PROBLEM STATEMENT — For this exercise, copy exactly only the lines from the one containing "n 菜品观赏区,展台中央摆放" to the final line of the material below, without the pictures.

GIVEN DATA —
----------
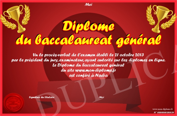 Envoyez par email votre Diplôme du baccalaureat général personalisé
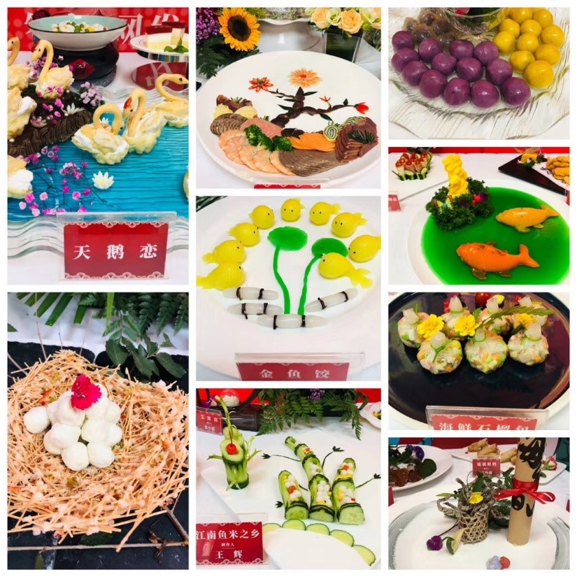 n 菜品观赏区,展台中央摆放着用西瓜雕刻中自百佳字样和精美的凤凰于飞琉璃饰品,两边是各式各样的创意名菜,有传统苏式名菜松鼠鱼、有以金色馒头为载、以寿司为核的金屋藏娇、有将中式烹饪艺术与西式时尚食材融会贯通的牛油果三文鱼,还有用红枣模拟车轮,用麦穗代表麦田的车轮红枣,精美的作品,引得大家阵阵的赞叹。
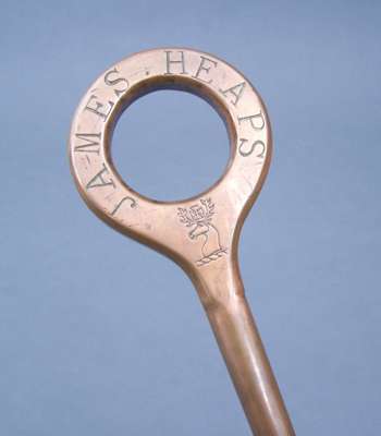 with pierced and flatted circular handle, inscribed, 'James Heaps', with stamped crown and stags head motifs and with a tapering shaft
----------
RESULT —
 n 菜品观赏区,展台中央摆放着用西瓜雕刻中自百佳字样和精美的凤凰于飞琉璃饰品,两边是各式各样的创意名菜,有传统苏式名菜松鼠鱼、有以金色馒头为载、以寿司为核的金屋藏娇、有将中式烹饪艺术与西式时尚食材融会贯通的牛油果三文鱼,还有用红枣模拟车轮,用麦穗代表麦田的车轮红枣,精美的作品,引得大家阵阵的赞叹。
 with pierced and flatted circular handle, inscribed, 'James Heaps', with stamped crown and stags head motifs and with a tapering shaft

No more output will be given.